YOUR SOLIN GENERATED RECIPE
Egg White and Spinach Scramble with Sautéed Mushrooms
Enjoy a light, protein-packed breakfast featuring fluffy egg whites scrambled with fresh spinach and perfectly sautéed mushrooms, finished with a side of creamy avocado for a satisfying, nutrient-dense start to your day.
INGREDIENTS
4 large egg whites (~120g)
1 cup fresh spinach
1/2 cup sliced mushrooms (~35g)
2 teaspoons olive oil
1/4 avocado
PREPARATION
Heat 1 teaspoon of olive oil in a nonstick skillet over medium heat.
Add the sliced mushrooms to the skillet and sauté for about 3-4 minutes until they begin to soften and brown.
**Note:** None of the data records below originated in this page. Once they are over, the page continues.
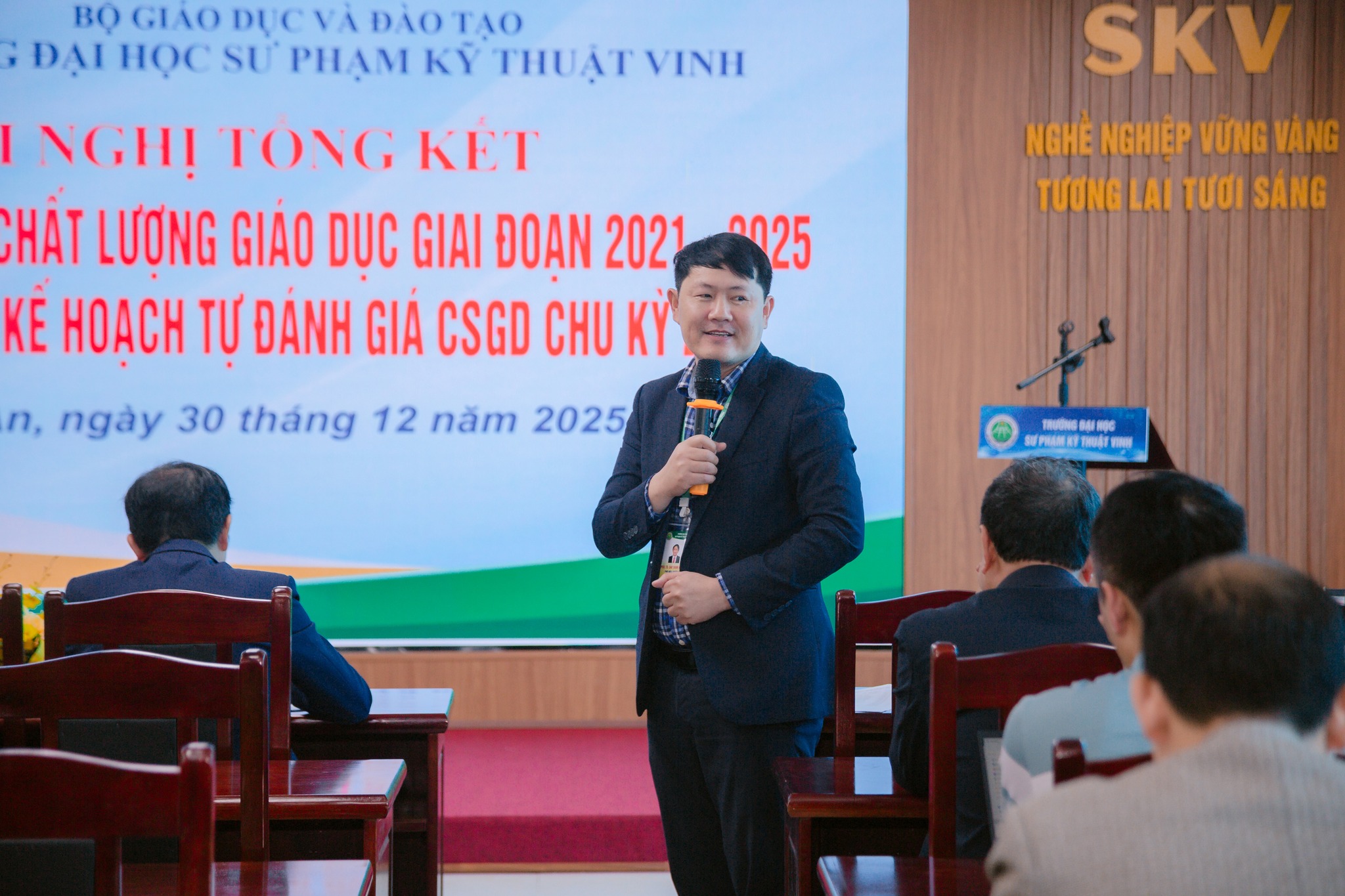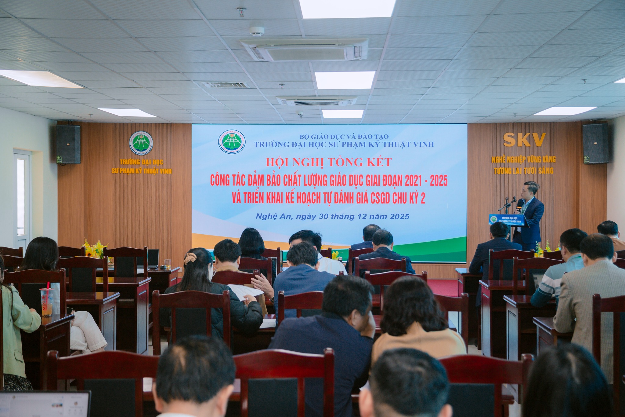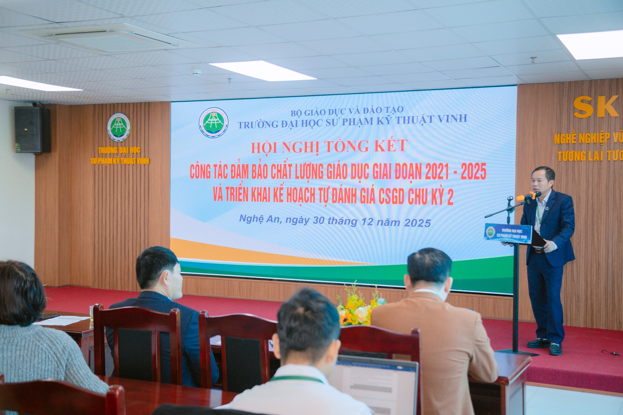 Chiều ngày 30/12/2025, Trường Đại học Sư phạm Kỹ thuật Vinh đã tổ chức Hội nghị tổng kết hoạt động Đảm bảo chất lượng (ĐBCL) giai đoạn 2021–2025 và triển khai kế hoạch tự đánh giá cơ sở giáo dục (CSGD) chu kỳ 2.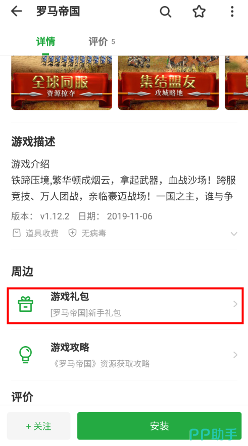 在豌豆荚内下载并安装完罗马帝国的玩家,点击进入游戏详情页,在游戏详情页内找到周边里面的游戏礼包。点开游戏礼包可以看见各个礼包的具体内容和领取的截止时间。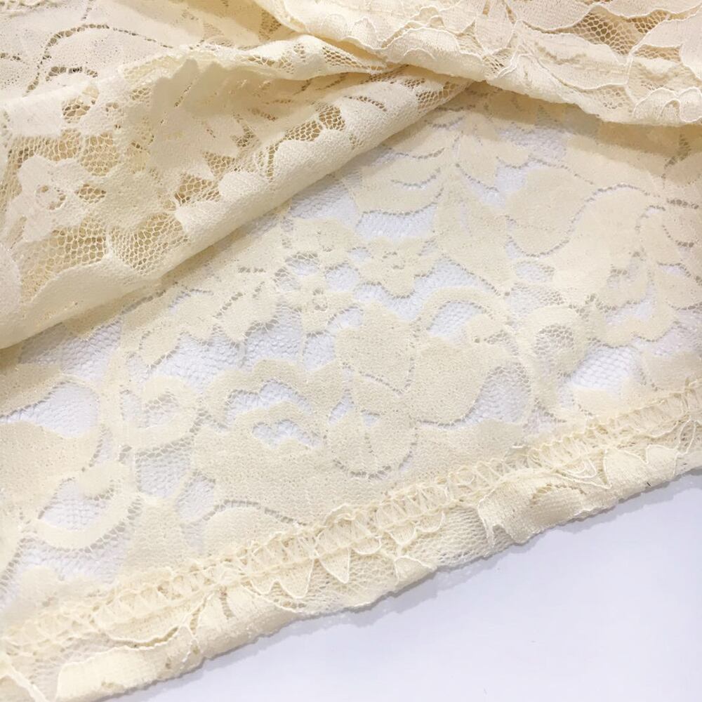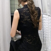 透け感が楽しめるハイネックレースで、顔回りを華やかに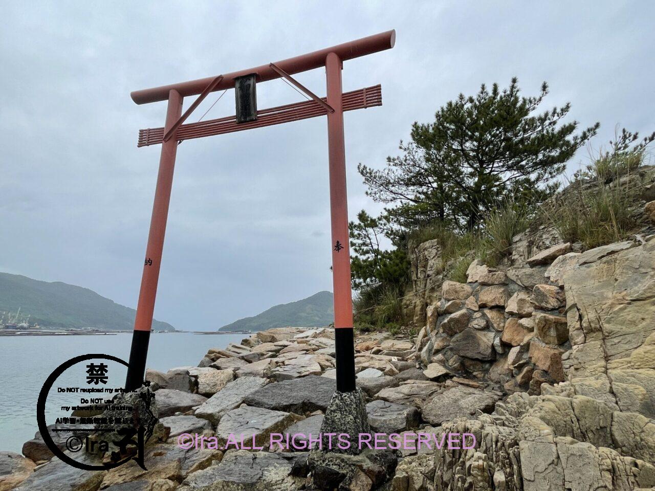 干潮時しか徒歩でいけない。広島の船霊社:神社:シンガポール人と島めぐり。

Add the fresh spinach to the skillet and cook for an additional 1-2 minutes until wilted.
In a bowl, whisk the egg whites lightly and pour them into the skillet with the vegetables.
Gently scramble the mixture until the egg whites are fully set, about 2-3 minutes.
Drizzle the remaining teaspoon of olive oil over the scramble for added richness.
Transfer the scramble to a plate and serve with quartered avocado on the side.
Enjoy your nutrient-packed, flavorful breakfast!